Serialization ambiguity: Tables must be linearized into text before being fed to a language model, but different serialization formats (Markdown, HTML, DataFrame, JSON) encode structural cues very differently, and no prior work has systematically compared them for Korean.
Structural understanding gaps: Models often fail to correctly associate a cell with its column header or row context, leading to factually incorrect or nonsensical descriptions.
Token efficiency: Verbose formats like HTML consume many tokens without proportional gains in structural clarity, increasing computational costs during both training and inference.
Lack of Korean table data: Most table understanding research targets English; Korean-specific training data and evaluation benchmarks are extremely limited.

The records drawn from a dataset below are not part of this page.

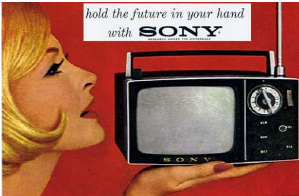
TV5-303, en 1960.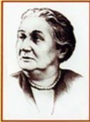
АХМАТОВА Анна Андреевна (1889-1966)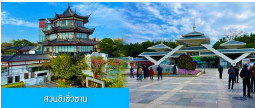
สวนชิวชิวซาบ

อิสระอาหารมื้อเย็น เพื่อความสะดวกในการเดินช้อปปิ้ง ลิ้มรสอาหารท้องถิ่นหลากหลายรสชาติได้ตามอัธยาศัย พักที่ UNIVERSAL HOTEL ระดับ 4 ดาวท้องถิ่นหรือเทียบเท่าในเมืองหนานหนิง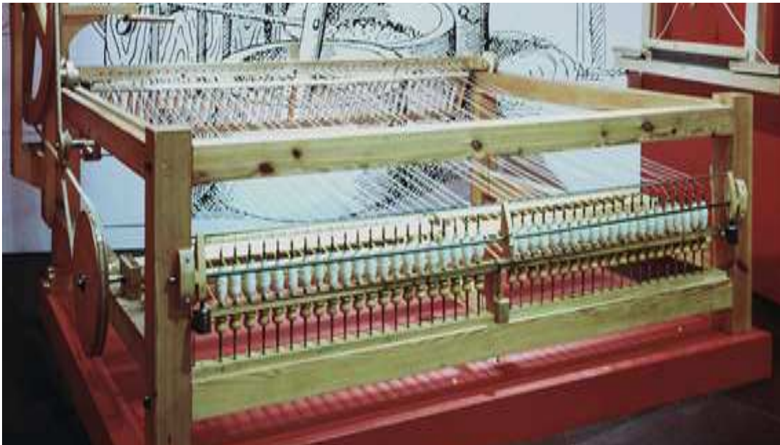
Rèplica de la berguedana exposada al MNACTEC.

La berguedana era una màquina de filar cotó que es va inventar i fabricar a Catalunya cap a l'any 1790. El seu èxit va ser absolut perquè va permetre abandonar la importació de cotó filat i especialitzar-se en el teixit i la filatura a la mateixa fàbrica.

This paper addresses all of these challenges by conducting a controlled comparison of serialization formats and proposing targeted auxiliary training tasks with synthetic data to build table comprehension skills from the ground up.

Proposed Method

The approach has two main components: (1) identifying the optimal table-to-text serialization format, and (2) designing auxiliary subtasks with synthetic datasets that incrementally teach the model to understand table structure before tackling the full description generation task.

Overall Pipeline: The training procedure follows a two-stage curriculum. First, the model is trained on synthetic auxiliary subtasks to build foundational table comprehension skills (structural grounding). Then, the pre-trained model is fine-tuned on the target task of table cell description generation. This curriculum approach ensures that the model acquires structural understanding before attempting the more complex generation objective.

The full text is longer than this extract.